I can tell you the man-love I felt when Adrian Gonzalez hit a grand slam to put the Pads up 4-3 in the third, and somewhat legitimize this team by having a 30-homer, 100-RBI guy (albeit in 163 games). I can tell you how a-fucking-glad I was to have Heath Bell on my team when he came in and straight shut the fucking door after Jake Peavy departed with a not-so-Cy-Young-esque effort. I can tell you the complete, juvenile, bare-feet-on-wet-grass joy I felt when Jorge Julio entered the game in the 13th and proceeded to throw baseballs towards Jupiter before grooving a pitch to Scott Hairston that "The Thing" pounded into the left-field seats for a seemingly insurmountable 8-6 lead. I can tell you that I then went to the restroom feeling giddy, feeling good ...
And then I can tell you that Hoffy came to the mound.
This is where the lack of a picture makes sense. A picture can be worth a thousand words - and in this day and age, a link may well be worth a million - but I can be sure, within a zillionth of an inch, that the pain in these words will be worth far more than any image you may lay your feeble eyes upon. For when Trevor Hoffman came in, and gave up a double to Kaz Matsui ... I'm going to say this slow, just so you understand . . . K-a-z M-a-t-s-u-i . . . I knew it was over. A two-strike gapper? To Kaz Matsui?
From there it unfolded like a wet origami swan. Tulowitzki - BAM! - double. MVP candidate and chin-gasher Holliday - BAM! - triple. Jamey Carroll - yeah, that's how it's spelled - BAM! - sac fly for the win. All off a closer who, it's unfortunately painfully evident, should give up his "Hell's Bells" theme song to the shut-down, fuck-you reliever who can: A) get people out when it matters; and B) claim that his surname is actually in the title of the goddamn song.
These are just rants, I guess, of a lunatic, a man who should find solace in the cold, weathering embrace of Mets fans around him. But who has more to be ashamed of? Surely it's the Mets, right? They had the biggest collapse ever, they showed no heart, they packed it in and gave it away.
But the Padres had the same ample opportunity to get into the playoffs; all they had to do was beat a down-trodden team once in the season's final two games, and they were in. They had a likely Hall of Fame-closer going in one of games, and the franchise's most popular player's son hit a game-tying triple off him. Go figure. Karma works in mysterious ways, but destiny appears to be one straight-ass shooter.

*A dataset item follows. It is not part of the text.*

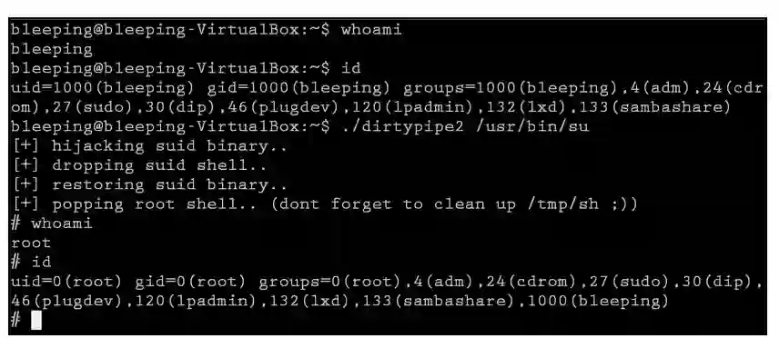 除了这个“Dirty Pipe”漏洞之外,还有一个漏洞被安全研究员BLASTY爆出,这个漏洞可以在Dirty Pipe的基础上更轻松地获得root权限,只需要一个简单的脚本即可,通过修补/usr/bin/su命令,在/tmp/sh处放下一个root shell,然后执行脚本,用户就可以获得root权限了。就像下面BleepingComputer在运行5.13.0-27-generic内核的Ubuntu 20.04.3 LTS中所展示的那样。

I got home tonight, tired and sullen, feeling sorry for myself. But then I realized there was a great few weeks of baseball left, and I should be ready for that. So I took the lucky hat off slowly, painfully, and eyed the top of the bookcase in my room where I store all my caps. There's really no rhyme or reason to them up there; they just kinda are. So I took it off and flung it up there.
It tumbled back down.
I stubbornly bent down, my back flaring up, my muscles sore from sitting awkwardly and fidgeting, being tense, watching the game. I picked it up and flung it up once more.
Again, it fell back down.
I cursed myself. I cursed the heavens. I cursed the baseball Gods and everyone from Fred Snodgrass to Joaquin Andujar.
I picked it up and chucked it up into the far corner, where it landed upside-down. It stayed.
Good, I thought. Third time's a charm.
It's just too bad the Padres won't get to find that out.